An item is being lifted by an elevator at a constant speed to a height of 10 feet. The item does not move for five seconds then catapults off the 10-foot platform and back to the ground. Compare the height of the item to the time passed in seconds. Determine the correct types of functions that describes the scenario in the correct order.(1 point)

To analyze the scenario, we can break it down into three parts based on the behavior of the item:

1. Lifting by the Elevator: While the elevator is moving the item to a height of 10 feet at a constant speed, the height of the item can be described by a linear function, as height increases uniformly with time.
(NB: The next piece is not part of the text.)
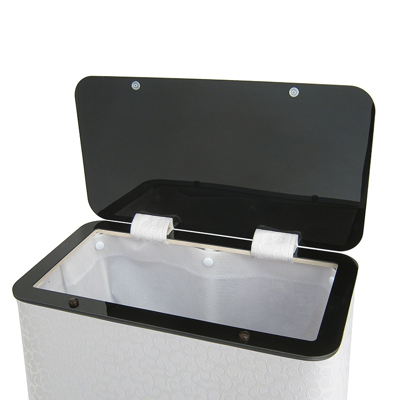 Средняя корзина для белья Cameya Flower FWC-M в белом цвете с контрастной черной отделкой. Дизайн бельевой корзины легко впишется в интерьер ванной комнаты в любом стиле.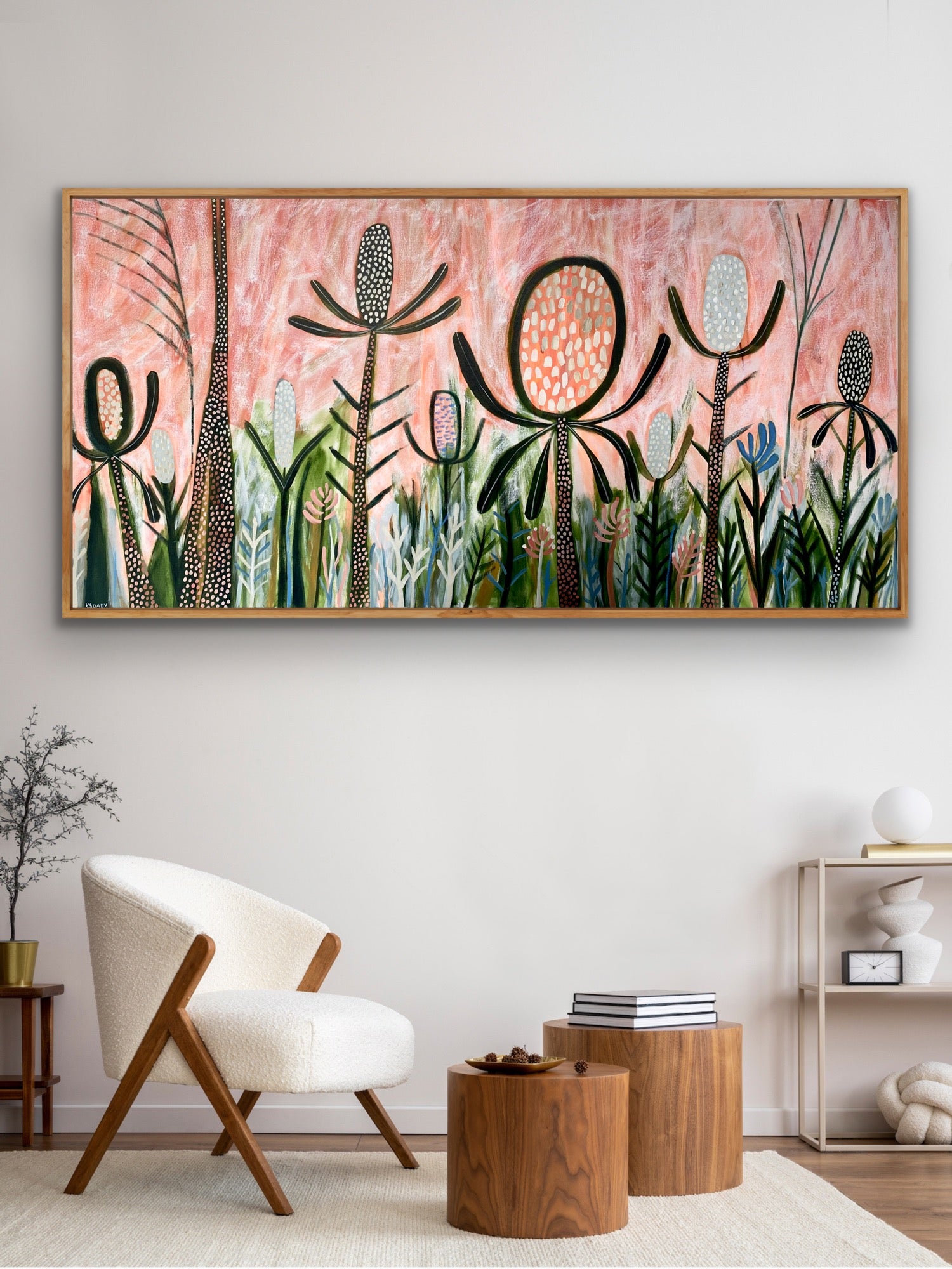 Framed in Tasmanian Oak in the Blue Mountains and ready to hang.

2. Item at Rest on the Platform: Once the item reaches the height of 10 feet, it remains there for 5 seconds. During this period, the height remains constant, which can be represented by a constant function.

3. Item Catapulting Off the Platform: After the 5 seconds, the item is catapulted off the platform and falls to the ground. The height of the item over time in free fall can be described by a quadratic function since it follows the shape of a parabolic trajectory (based on the physics of gravity).

Putting this all together, the order of the functions that describe the height of the item compared to time passed is:

1. Linear Function (lifting)
2. Constant Function (at rest)
3. Quadratic Function (falling)

Therefore, the correct response is:

Linear Function, Constant Function, Quadratic Function.